◆ **Data provided**
[Start of Attachment]

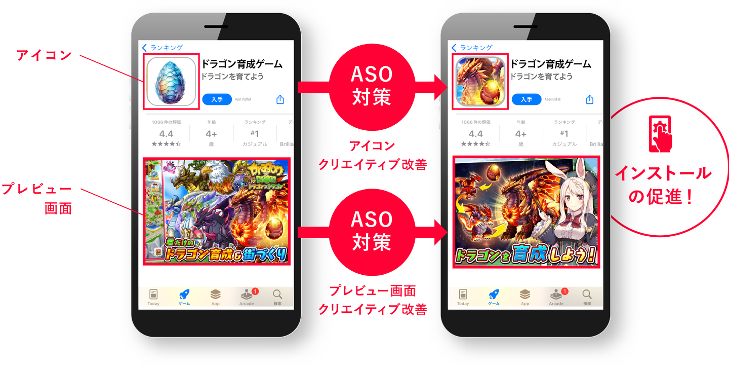 ここで、私たちが行っているASO施策について、この場で2つの例をご紹介します。
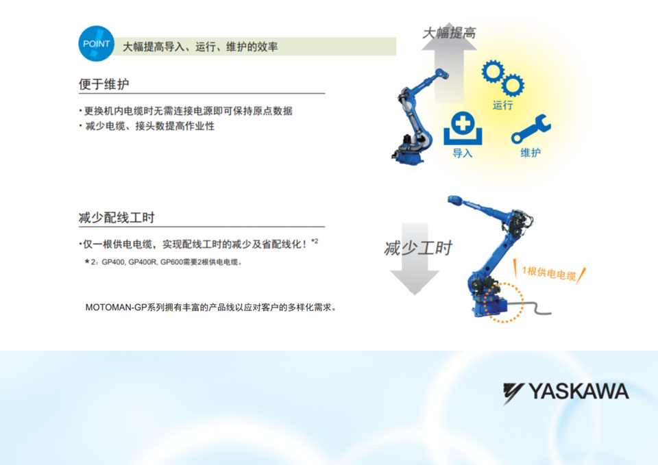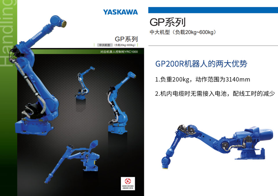 GP200R机器人可搬重量200kg,动作范围为3140mm,通过和其他机器人提升的组合实现多彩的线路布局,架子置可以有效地利用空间。
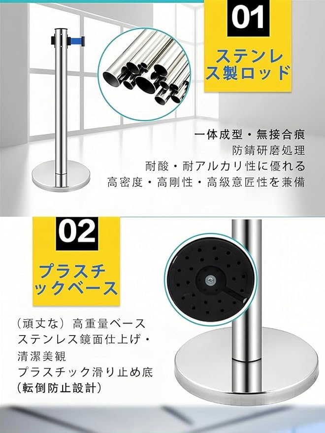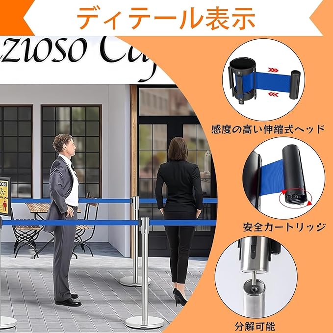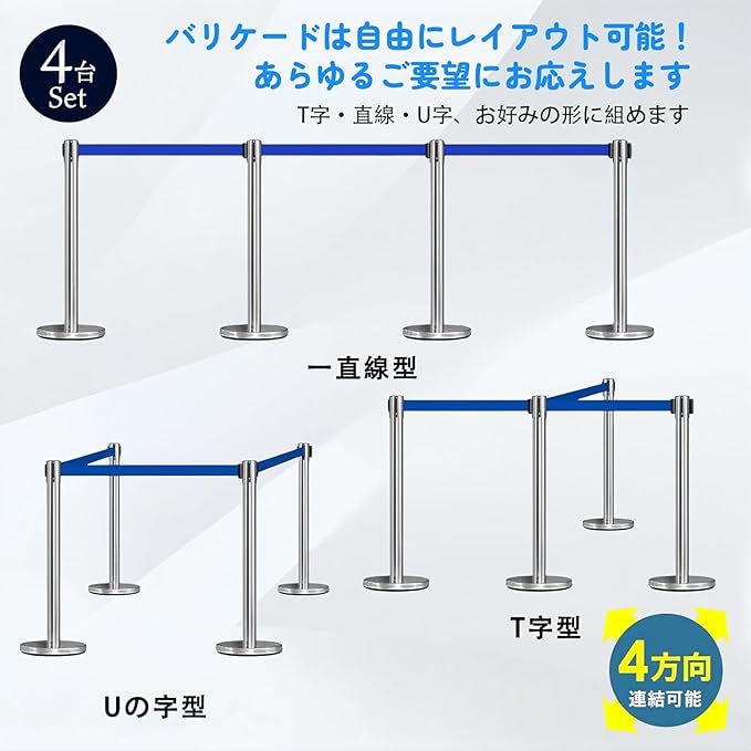 【カスタマイズ自在な4ベルト連結システム】:4本セットのベルトを前後左右に自由に連結可能。混雑時の人流整理、エリア分け、展示ブースの仕切りなど、様々なシチュエーションに柔軟に対応。単体でも複数連結でも使い勝手抜群で、効率的な空間管理を実現します。
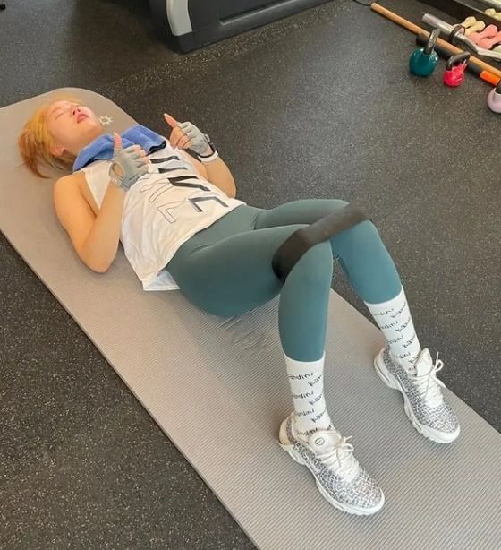 사진 속 소유는 포기하지 않고 운동을 해낸 끝에 누워서 ‘엄지 척’을 해보이고 있다.
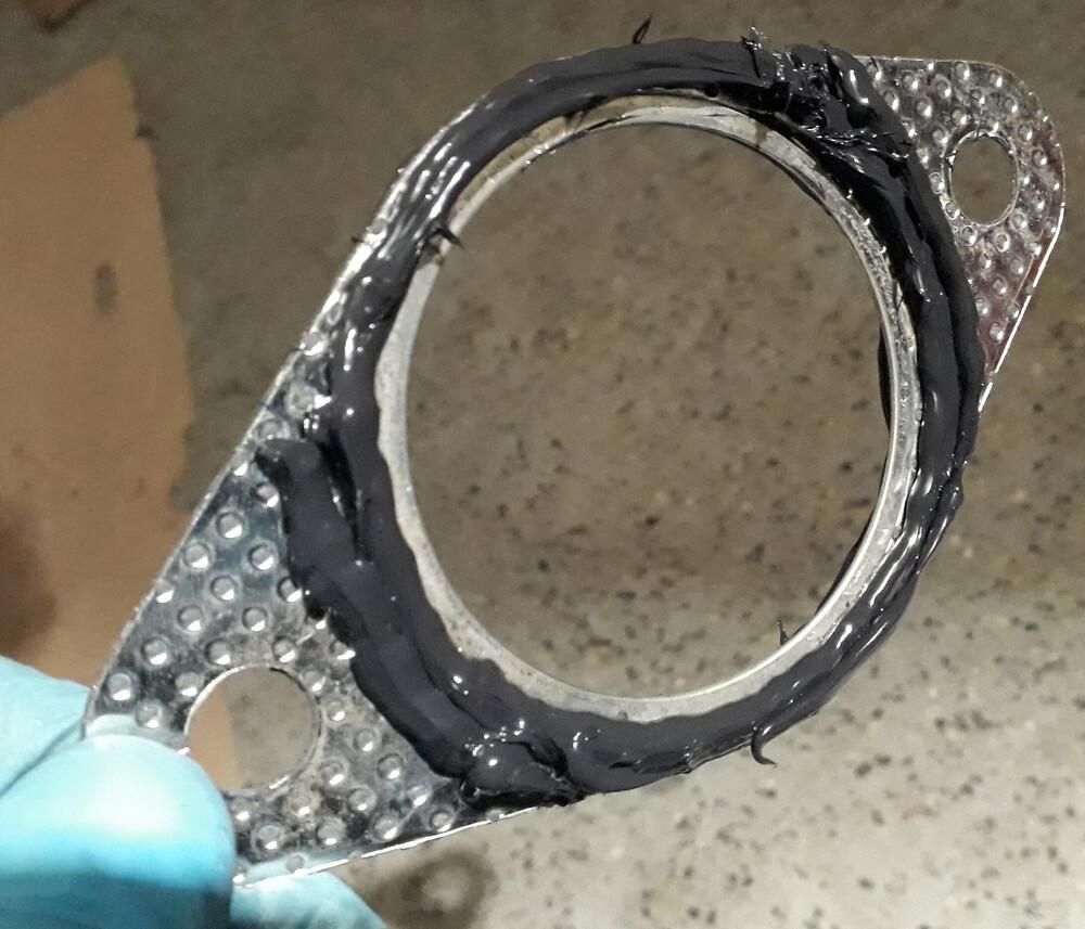 Dopadl jsem stejně jako kolegové z AUTOvKELLY, tj. z toho předního spoje to profukovalo (dokonce kapal kondenzát), i když jsem to dotáhnul úplně na krev. Příruby byly dobře očištěné, takže jsou spíše nerovné. Tak jsem tam napatlal trochu toho vysokoteplotního silikonu. Vím, že to není ideální, ale dokud jsou matky čerstvé, tak to půjde snadno povolit na případnou úpravu. Nic jiného jsem neměl po ruce a nechávat to nasucho prskat se mi nechtělo. Uvidíme...
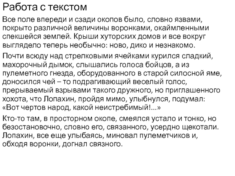 Почти всюду над стрелковыми ячейками курился сладкий, махорочный дымок, слышались голоса бойцов, а из пулеметного гнезда, оборудованного в старой силосной яме, доносился чей – то подрагивающий веселый голос, прерываемый взрывами такого дружного, но приглашенного хохота, что Лопахин, пройдя мимо, улыбнулся, подумал: «Вот чертов народ, какой неистребимый!...»
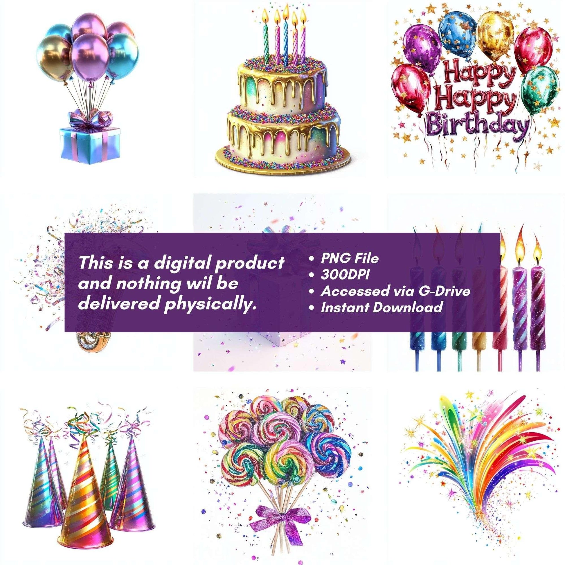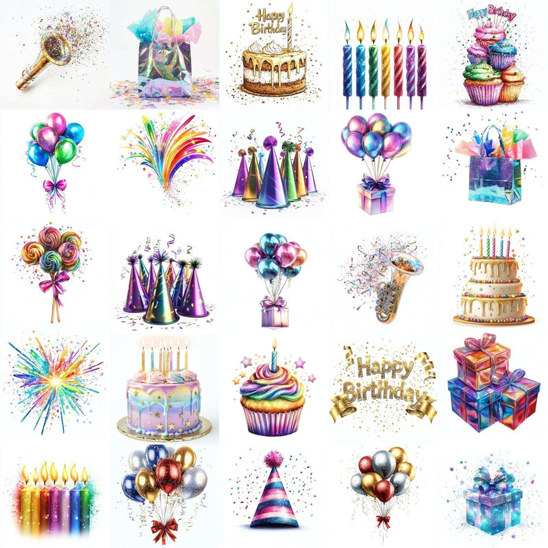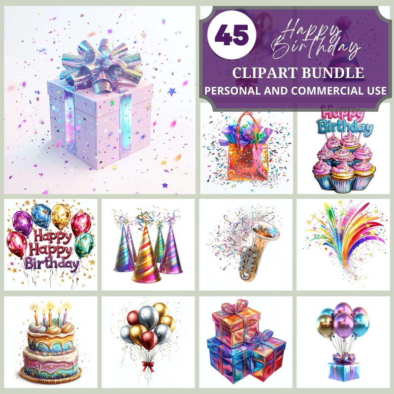 Celebrate big with this Happy Birthday Clipart set, featuring festive designs, ideal for birthday crafts.
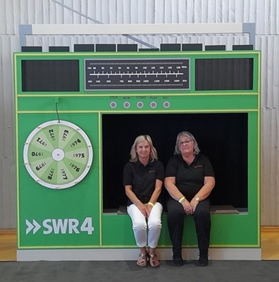 Alle Tafelhelfer hatten Spaß dabei, ebenso zwei Mitgliedern des Frauenchors Wörth. Und wer kennt es nicht noch: Das beliebte Kofferradio, verschönert durch Elisabeth Kempf und Ute Schindler.
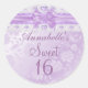 This Elegant customisable Sweet Sixteen Sticker features a purple bow & white lace on a purple floral background. Customise it by adding your details in the font of your choice!

[End of Attachment]

◆ **Your objective**
Write the listing above out again word for word, excluding all images.

◆ **Output**
 ここで、私たちが行っているASO施策について、この場で2つの例をご紹介します。
 GP200R机器人可搬重量200kg,动作范围为3140mm,通过和其他机器人提升的组合实现多彩的线路布局,架子置可以有效地利用空间。
 【カスタマイズ自在な4ベルト連結システム】:4本セットのベルトを前後左右に自由に連結可能。混雑時の人流整理、エリア分け、展示ブースの仕切りなど、様々なシチュエーションに柔軟に対応。単体でも複数連結でも使い勝手抜群で、効率的な空間管理を実現します。
 사진 속 소유는 포기하지 않고 운동을 해낸 끝에 누워서 ‘엄지 척’을 해보이고 있다.
 Dopadl jsem stejně jako kolegové z AUTOvKELLY, tj. z toho předního spoje to profukovalo (dokonce kapal kondenzát), i když jsem to dotáhnul úplně na krev. Příruby byly dobře očištěné, takže jsou spíše nerovné. Tak jsem tam napatlal trochu toho vysokoteplotního silikonu. Vím, že to není ideální, ale dokud jsou matky čerstvé, tak to půjde snadno povolit na případnou úpravu. Nic jiného jsem neměl po ruce a nechávat to nasucho prskat se mi nechtělo. Uvidíme...
 Почти всюду над стрелковыми ячейками курился сладкий, махорочный дымок, слышались голоса бойцов, а из пулеметного гнезда, оборудованного в старой силосной яме, доносился чей – то подрагивающий веселый голос, прерываемый взрывами такого дружного, но приглашенного хохота, что Лопахин, пройдя мимо, улыбнулся, подумал: «Вот чертов народ, какой неистребимый!...»
 Celebrate big with this Happy Birthday Clipart set, featuring festive designs, ideal for birthday crafts.
 Alle Tafelhelfer hatten Spaß dabei, ebenso zwei Mitgliedern des Frauenchors Wörth. Und wer kennt es nicht noch: Das beliebte Kofferradio, verschönert durch Elisabeth Kempf und Ute Schindler.
 This Elegant customisable Sweet Sixteen Sticker features a purple bow & white lace on a purple floral background. Customise it by adding your details in the font of your choice!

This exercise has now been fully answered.